Table of rebuilding to R1 class
| Year | Quantity | SECR Nos. |
|---|---|---|
| 1910 | 1 | 69 |
| 1911 | 1 | 339 |
| 1912 | 2 | 147, 154 |
| 1913 | 4 | 10, 47, 128, 340 |
| 1914 | 3 | 107, 127, 174 |
| 1915 | 1 | 335 |
| 1922 | 1 | 337 |

===Renumbering===
Many of the locomotives were renumbered up to three times: from 1924 the Southern Railway (SR) applied the prefix "A", i.e. A10 etc., the work being completed in 1927; from 1931 the SR dropped the "A" and increased the numbers by 1000 (i.e. 1010 etc.); and from 1948, under British Railways, the numbers were further increased by 30000, becoming 31010 etc.

===Withdrawal===
One R class locomotive (no. 341) was withdrawn in 1914 due to accident damage. The other 11 locomotives which had not been rebuilt to the R1 class were withdrawn between 1931 and 1943. Of the 13 R1 class rebuilds, one was withdrawn in 1949, two in 1955, three in 1958 and five in 1959; after August 1959, only nos. 31047 and 31337 were left, and these were withdrawn in March and February 1960 respectively.

Table of withdrawals
| Year | R class in service at start of year | R1 class in service at start of year | Quantity withdrawn | Locomotive numbers | Notes |
|---|---|---|---|---|---|
| 1931 | 11 | 13 | 1 | 1342 |  |
| 1932 | 10 | 13 | 1 | 1077 |  |
| 1934 | 9 | 13 | 3 | 1126, 1152, 1338 |  |
| 1935 | 6 | 13 | 1 | 1153 |  |
| 1937 | 5 | 13 | 1 | 1125 |  |
| 1939 | 4 | 13 | 1 | 1155 |  |
| 1941 | 3 | 13 | 1 | 1336 |  |
| 1942 | 2 | 13 | 1 | 1070 |  |
| 1943 | 1 | 13 | 1 | 1124 |  |
| 1949 | 0 | 13 | 1 | 1127 |  |
| 1955 | — | 12 | 2 | 31154, 31335 |  |
| 1958 | — | 10 | 2 | 31069, 31147 |  |
| 1959 | — | 8 | 6 | 31010, 31107, 31128, 31174, 31339, 31340 |  |
| 1960 | — | 2 | 2 | 31047, 31337 |  |

==Models==
The Hornby Dublo range of 00 gauge model railways had been launched by Meccano Ltd in 1938 using a three-rail system to power the electric motors of the locomotives. After World War II, several of their rivals chose a two-rail system and by 1957 Hornby Dublo began to lose sales.

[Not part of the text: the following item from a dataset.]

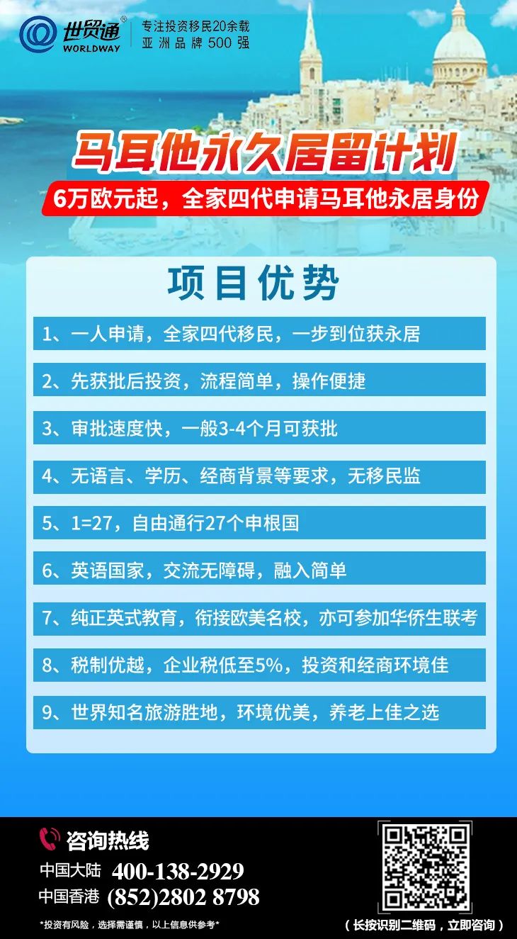 今年以来,欧洲各国移民计划相继变政,通往欧洲的大门是越来越窄了。对于想要移民欧洲的投资者而言,现在正是办理马耳他移民的好时机,申请人仅需投资6万欧元起,可全家四代移民马耳他,一步到位获马耳他永居身份!此项目没有语言、学历、经商背景、资金来源等要求,申请条件更加简化、操作更加简单、投资金额更低!

Accordingly, they decided to develop a two-rail system, and this was launched in 1959. Among the new items designed especially for the two-rail launch was a model of the SECR R1 class 0-6-0T; this was moulded in polystyrene, which was coloured either black (with running number 31337) or green (as number 31340), both carrying the contemporary BR emblem; it has been stated that the two running numbers were carefully chosen to match the numbers of the last two in service, but in fact at the time of the withdrawal of 31340, there were still six others in service. They were announced in Meccano Magazine in September 1960, and remained in production until the collapse of the Meccano group in 1964.